Consolata Kiara, head of school health and nutrition in the Education Ministry, says her department is "concerned in all areas," because AIDS "may impact on enrollment ... [and] on the teacher supply."

Kenya, which spends 40 percent of its official government budget on education, stopped hiring teachers in 1998 as part of a structural adjustment plan imposed by the International Monetary Fund. When a teacher dies, children are simply grouped into larger classes or worse. "We know there are classes that are not attended to," says Patrick Birgen, spokesman for the Teachers Service Commission, which employs all public school teachers.

Urban Jonsson, the UNICEF regional representative for Eastern and Southern Africa thinks the AIDS crisis makes it immoral for donor nations to tell developing countries to cut their education budgets. "All these countries need more teachers and better teachers and better-supported teachers, not less teachers," he says. "That's very short-sighted."

Mr. Jonsson says the crisis in education caused by AIDS will become an economic crisis and in turn a political crisis. "The education system [across Africa], apart from being underfunded and marginalized in terms of political priorities, is now being devastated by this disease."

Kenya, where about 500 people are dying of AIDS daily, was relatively slow in coming to terms with the epidemic.

It was not until this past December that President Daniel arap Moi declared AIDS - which had infected some 10 percent of his citizens - a national disaster.

A national AIDS education program has yet to make its way into the schools. Peace Corps workers will start implementing it in September by training teachers in AIDS awareness. The irony is bitter -some of the Kenyans who will teach youngsters about AIDS prevention have themselves been diagnosed as having the virus.

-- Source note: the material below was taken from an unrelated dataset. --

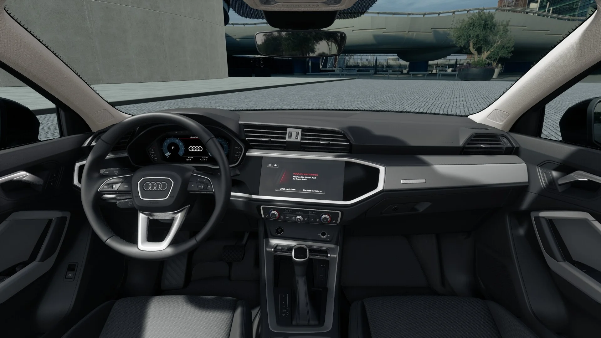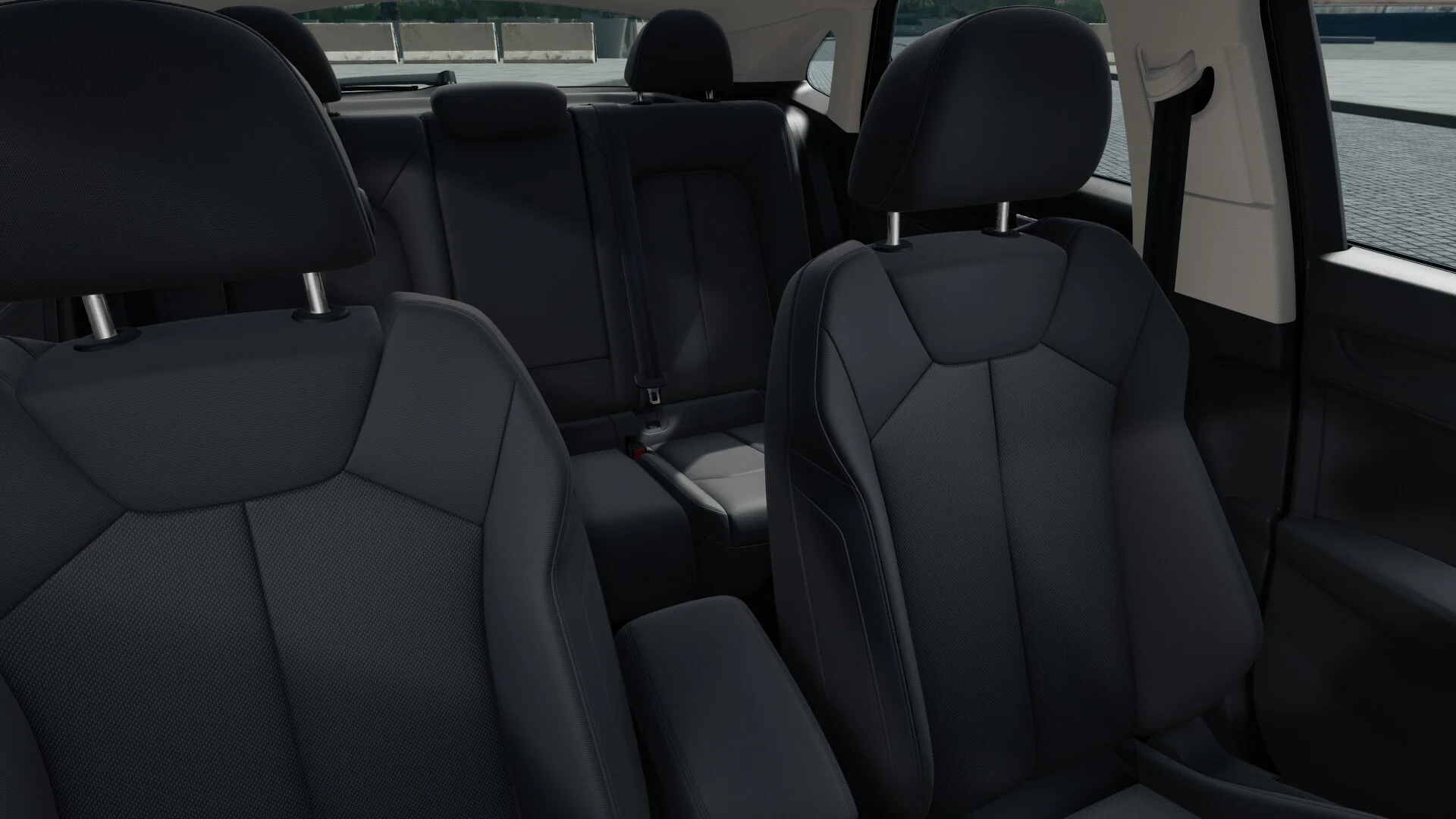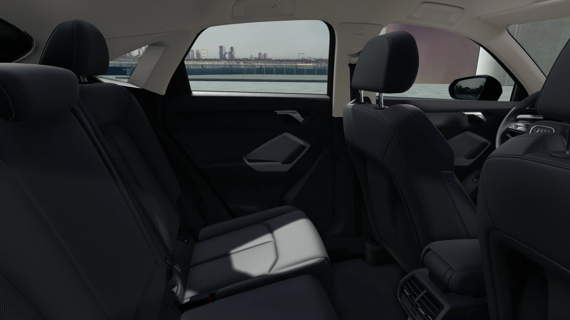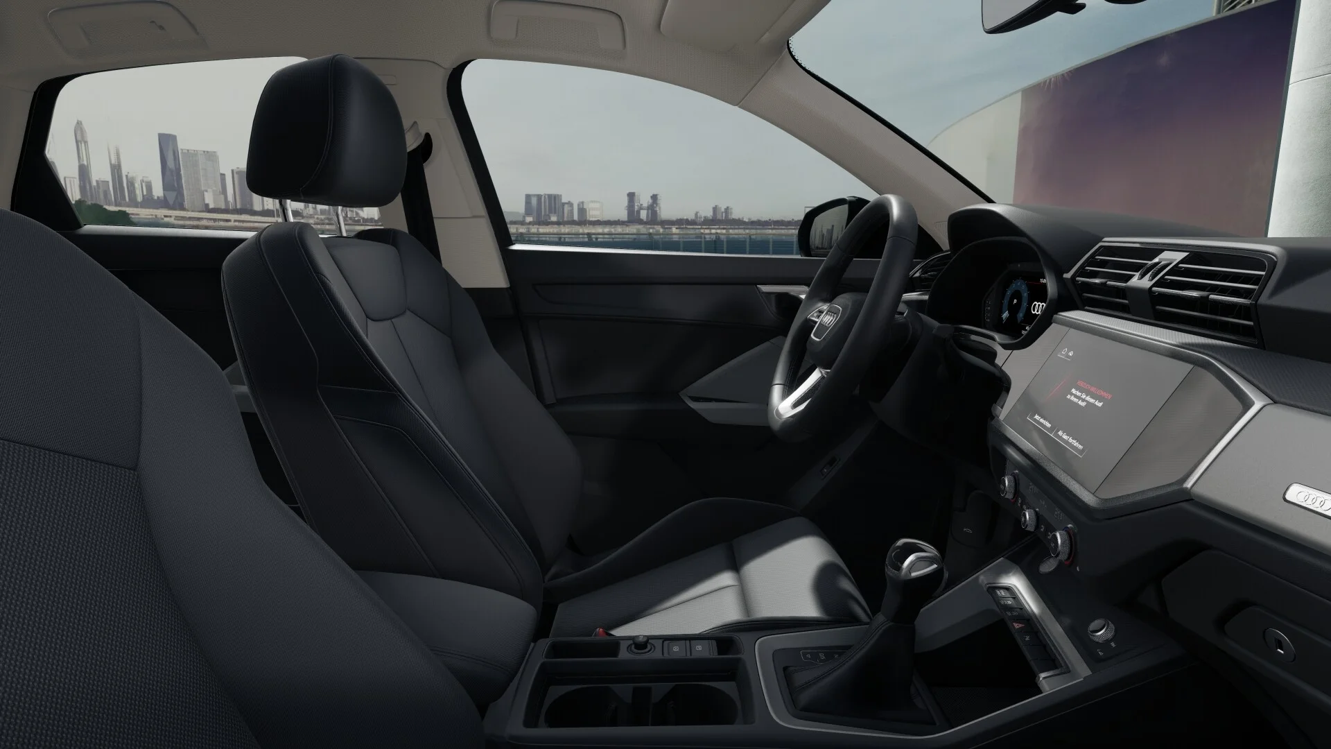 Wnętrze Q3 Sportback S line 35 TFSI oferuje komfortową i nowoczesną przestrzeń dla kierowcy i pasażerów. Zastosowanie wysokiej jakości materiałów oraz staranne wykończenie wnętrza podkreślają jego prestiżowy charakter. Sportowe fotele, obszyte skórą z charakterystycznym wzorem, zapewniają doskonałe trzymanie boczne i wygodę podczas jazdy.

Many observers wonder why teachers -at first glance among the most educated and well-employed of Africans -are catching AIDS at such a high rate. No one seems to have a scientifically or epidemiologically based answer. But it's true that teaching is not among the most prestigious professions in Africa and it pays quite poorly. Primary-school teachers are predominantly women, often infected with HIV by philandering or polygamous husbands.

But above all, the infection rate among teachers shows how AIDS cuts across all sectors of African society. That's now quite clear to Monica Omwoyo who lost four colleagues at the Olympic Estate primary school. She struggles to find an answer to the question of why teachers at such a successful school would contract HIV. "The government is trying to make people aware of it, but people are careless," she says. Some people, she says, want to satisfy their bodies no matter the consequences: "Even if they know there is AIDS."